__Problem requirements__
Don't include any picture when you restate the data word for word.

__Given data__
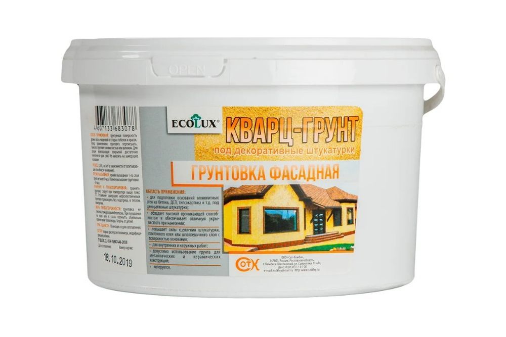 Грунтовка для обработки фасадных поверхностей перед штукатуркой или покраской. Включает кварцевые наполнители, акриловые сополимеры, кварцевый наполнитель и антисептические добавки. Обеспечивает отличную адгезию к фасадным материалам, защищает их от воздействия атмосферных факторов, плесени и грибка. Паропроницаема, влагостойка, укрепляет рыхлые основания.
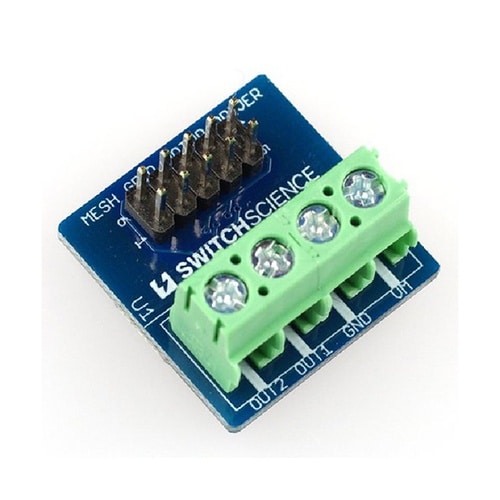 MESH GPIOタグ用の拡張ボードです。MESH(メッシュ)はソニー製のブロック形状のツールで、様々な玩具や装置を組み立てることができます。本ボードにより小型のDCモータ1個をコントロールできます。 |
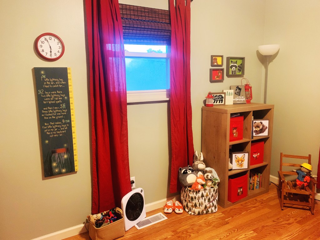 On the next wall, we have one of his two windows. I framed these in red for two reasons. #1: It’s his favorite color and he asked me for a red room at the new house when he learned that we were moving. I was NOT painting the room red – while it might work in some spaces, the house I bought in my first marriage had a red room and painting over it was ridiculously hard. I want to avoid that for the future if possible. #2: Remember how I said that I really fought for some nursery items that were sentimental to me? Well a very sweet woman at my church quilts – and she’s SO talented. She made my little man a quilt for my baby shower that had brightly colored forest animals on it, and I absolutely wanted that quilt in AJ’s future room. She’s a friend of my family from the church I grew up in, so I asked for that quilt. I am so grateful to have it for my kiddo in this room, and red matched it well.
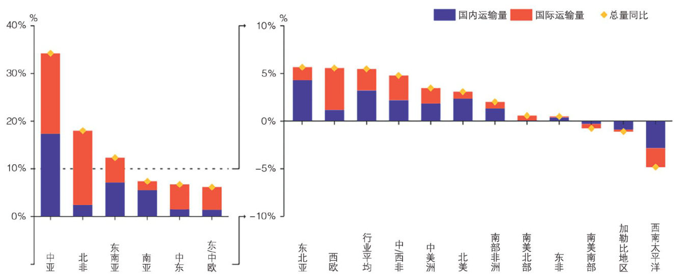 提要:2025年全球航空运输业面临保护主义升级与宏观经济放缓的双重挑战。国际航空运输协会2025年发布的《保护主义抬头:2025年全球航空运输业展望》指出,尽管面临保护主义抬头、贸易政策收紧及供应链持续中断的挑战,全球航空业在动荡环境中仍展现出韧性盈利能力:预计2025年行业净利润达360亿美元,创历史第三高位,但净利润率仅 3.7% ,约为全球行业平均水平的一半。支撑利润的关键因素包括燃油价格下跌、创纪录的载客率以及机队利用率提升。但是同时,运力严重受限抑制了增长潜力,客运量增速放缓至 5.8% ,货运量增速骤降至 0.7% 。相关隐忧集中于贸易政策的冲击:美国取消800美元免税限额将削弱电商空运需求、核心通胀顽固限制央行降息空间、可持续航空燃料成本高企,以及行业资本回报率持续低于资本成本的结构性挑战。
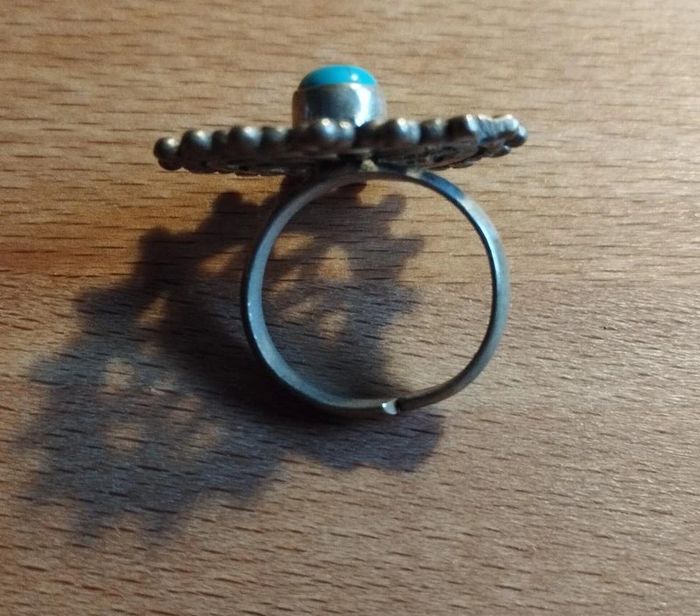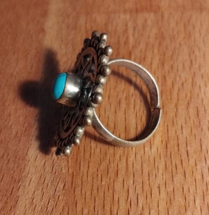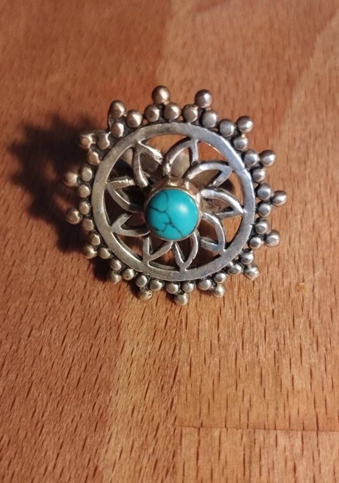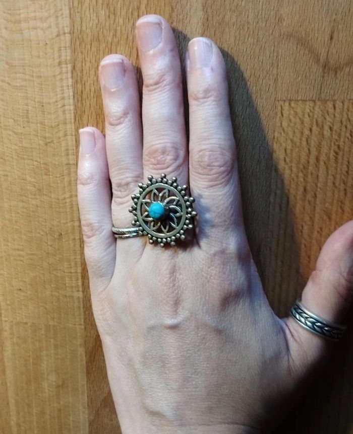 Bague réglable de style boho en métal entre argenté et doré motif mandala ajouré décoré au milieu d'une résine bleue marbrée effet turquoise Bijou fantaisie acheté sur un marché au puces à Londres ▶️ Voir tous mes bijoux en vente : #n1n13bijoux
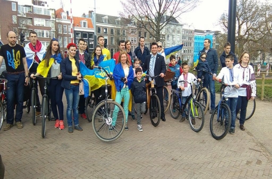 В Амстердаме стартовал велосипедный флешмоб в поддержку Украины
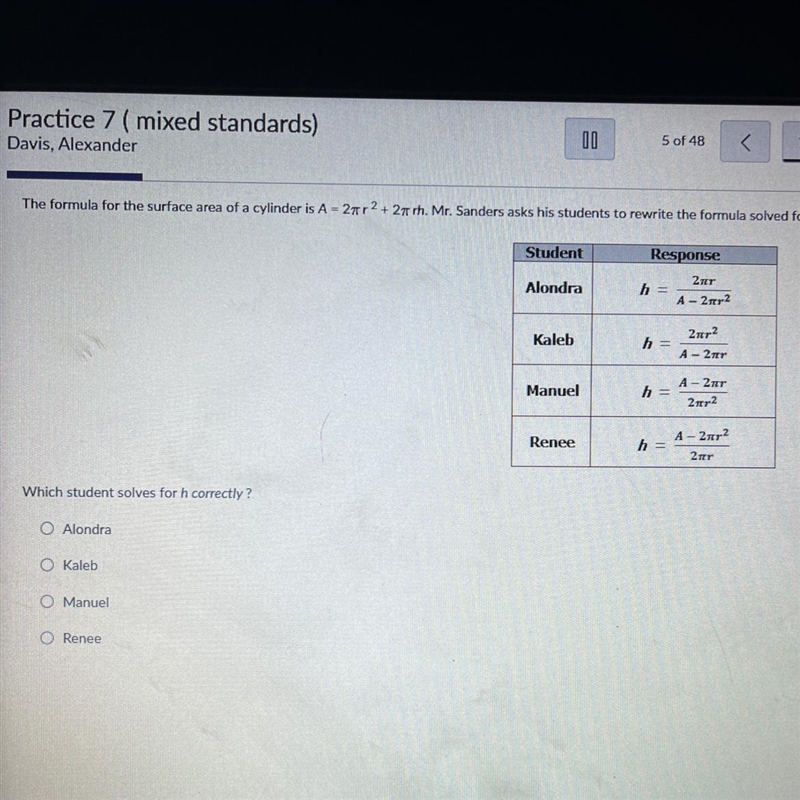 The formula for the surface area of a cylinder is A-2πr^2+2πrh. Mr. Sanders asks his students to rewrite the formula solved for h. The table shows the responses of four students.
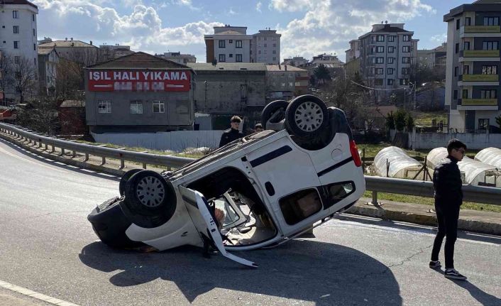 Ümraniye’de Şile Otoyolunda saat 14.30 sıralarında yaşanan kazada, 34 JL 0453 plakalı Fiat marka hafif ticari araç, iddiaya göre sürücünün direksiyon hakimiyetini kaybetmesiyle Dudullu yol ayrımında kaldırıma çarpıp takla attı. Yolda ters dönen ticari aracın sürücüsü sıkışarak yaralandı. Durumun bildirilmesi üzerine olay yerine itfaiye, sağlık ve polis ekipleri sevk edildi. Aracından çıkarılan sürücü sağlık ekiplerinin müdahalesinin ardından ambulans ile hastaneye kaldırıldı. Yaşanan kaza nedeniyle Şile Otoyolu Şile yönünde trafik yoğunluğu oluştu. Polis ekipleri kaza ile ilgili çalışma yürüttü.
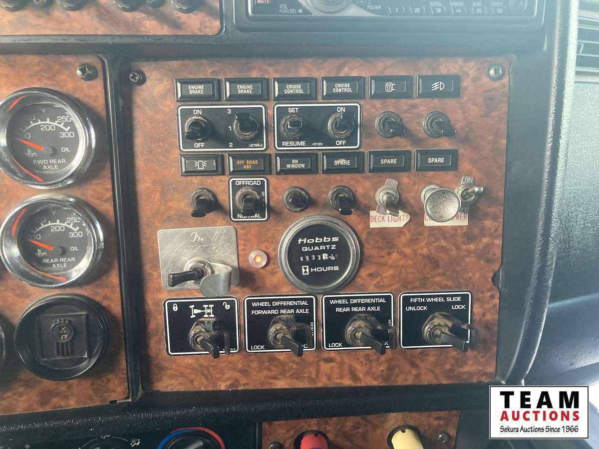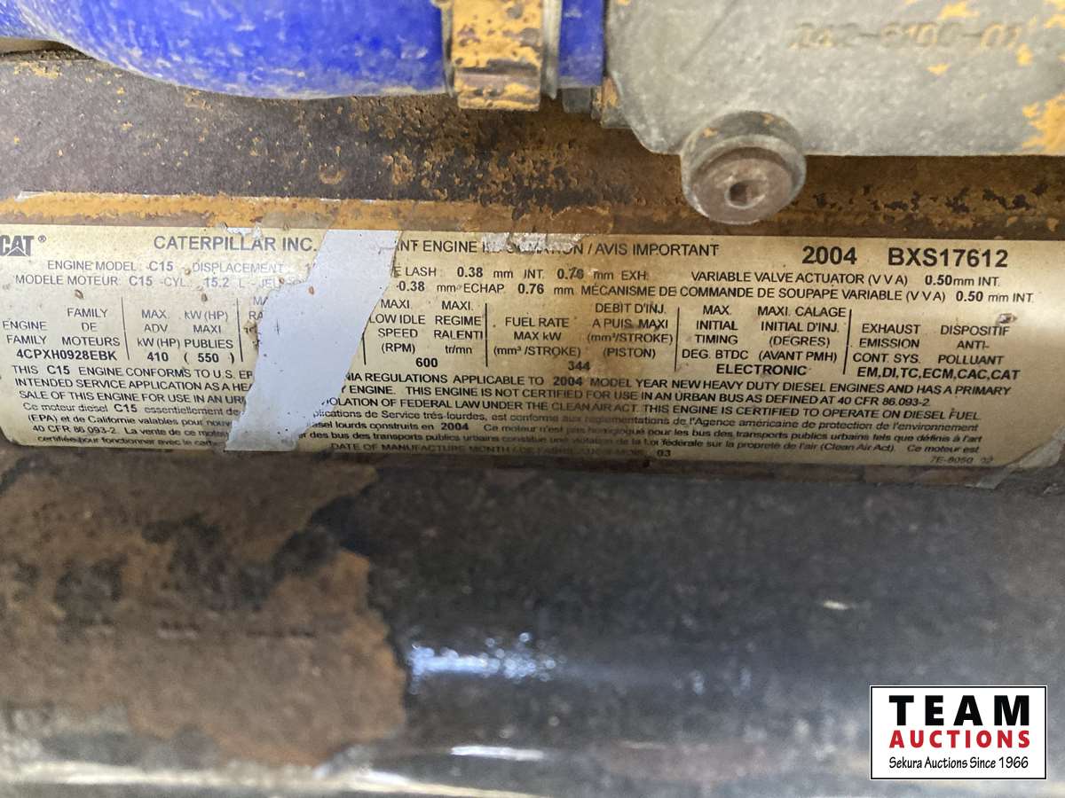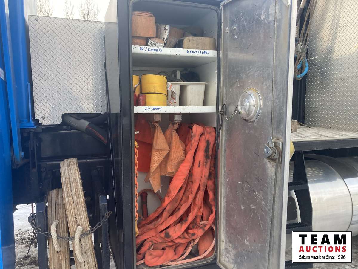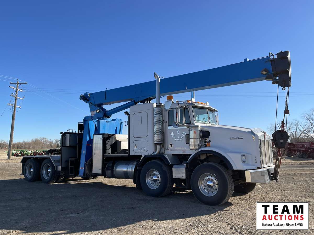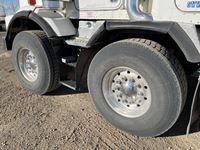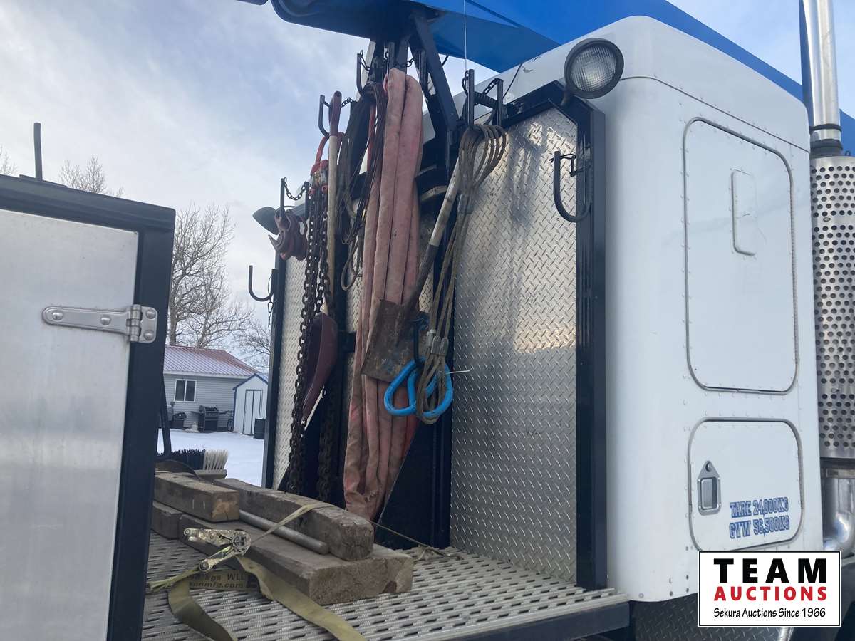 Caterpillar C15, 6 cylinder, diesel, 475 HP, Eaton Fuller 18 speed, engine brake, double differential lock, cross lock, 337 inch WB, 40 inch sleeper, 105 ft center mounted boom, Johnson 1 sheave block, 22 ton capacity, dual controls, hydraulic outriggers, 32,000 lb front, 46,000 lb rear, 425/65R22.5 front, 11R24.5 rear, 6533 PTO hrs, crane certification 01/2022

__Your solution__
 Грунтовка для обработки фасадных поверхностей перед штукатуркой или покраской. Включает кварцевые наполнители, акриловые сополимеры, кварцевый наполнитель и антисептические добавки. Обеспечивает отличную адгезию к фасадным материалам, защищает их от воздействия атмосферных факторов, плесени и грибка. Паропроницаема, влагостойка, укрепляет рыхлые основания.
 MESH GPIOタグ用の拡張ボードです。MESH(メッシュ)はソニー製のブロック形状のツールで、様々な玩具や装置を組み立てることができます。本ボードにより小型のDCモータ1個をコントロールできます。 |
 On the next wall, we have one of his two windows. I framed these in red for two reasons. #1: It’s his favorite color and he asked me for a red room at the new house when he learned that we were moving. I was NOT painting the room red – while it might work in some spaces, the house I bought in my first marriage had a red room and painting over it was ridiculously hard. I want to avoid that for the future if possible. #2: Remember how I said that I really fought for some nursery items that were sentimental to me? Well a very sweet woman at my church quilts – and she’s SO talented. She made my little man a quilt for my baby shower that had brightly colored forest animals on it, and I absolutely wanted that quilt in AJ’s future room. She’s a friend of my family from the church I grew up in, so I asked for that quilt. I am so grateful to have it for my kiddo in this room, and red matched it well.
 提要:2025年全球航空运输业面临保护主义升级与宏观经济放缓的双重挑战。国际航空运输协会2025年发布的《保护主义抬头:2025年全球航空运输业展望》指出,尽管面临保护主义抬头、贸易政策收紧及供应链持续中断的挑战,全球航空业在动荡环境中仍展现出韧性盈利能力:预计2025年行业净利润达360亿美元,创历史第三高位,但净利润率仅 3.7% ,约为全球行业平均水平的一半。支撑利润的关键因素包括燃油价格下跌、创纪录的载客率以及机队利用率提升。但是同时,运力严重受限抑制了增长潜力,客运量增速放缓至 5.8% ,货运量增速骤降至 0.7% 。相关隐忧集中于贸易政策的冲击:美国取消800美元免税限额将削弱电商空运需求、核心通胀顽固限制央行降息空间、可持续航空燃料成本高企,以及行业资本回报率持续低于资本成本的结构性挑战。
 Bague réglable de style boho en métal entre argenté et doré motif mandala ajouré décoré au milieu d'une résine bleue marbrée effet turquoise Bijou fantaisie acheté sur un marché au puces à Londres ▶️ Voir tous mes bijoux en vente : #n1n13bijoux
 В Амстердаме стартовал велосипедный флешмоб в поддержку Украины
 The formula for the surface area of a cylinder is A-2πr^2+2πrh. Mr. Sanders asks his students to rewrite the formula solved for h. The table shows the responses of four students.
 Ümraniye’de Şile Otoyolunda saat 14.30 sıralarında yaşanan kazada, 34 JL 0453 plakalı Fiat marka hafif ticari araç, iddiaya göre sürücünün direksiyon hakimiyetini kaybetmesiyle Dudullu yol ayrımında kaldırıma çarpıp takla attı. Yolda ters dönen ticari aracın sürücüsü sıkışarak yaralandı. Durumun bildirilmesi üzerine olay yerine itfaiye, sağlık ve polis ekipleri sevk edildi. Aracından çıkarılan sürücü sağlık ekiplerinin müdahalesinin ardından ambulans ile hastaneye kaldırıldı. Yaşanan kaza nedeniyle Şile Otoyolu Şile yönünde trafik yoğunluğu oluştu. Polis ekipleri kaza ile ilgili çalışma yürüttü.
 Caterpillar C15, 6 cylinder, diesel, 475 HP, Eaton Fuller 18 speed, engine brake, double differential lock, cross lock, 337 inch WB, 40 inch sleeper, 105 ft center mounted boom, Johnson 1 sheave block, 22 ton capacity, dual controls, hydraulic outriggers, 32,000 lb front, 46,000 lb rear, 425/65R22.5 front, 11R24.5 rear, 6533 PTO hrs, crane certification 01/2022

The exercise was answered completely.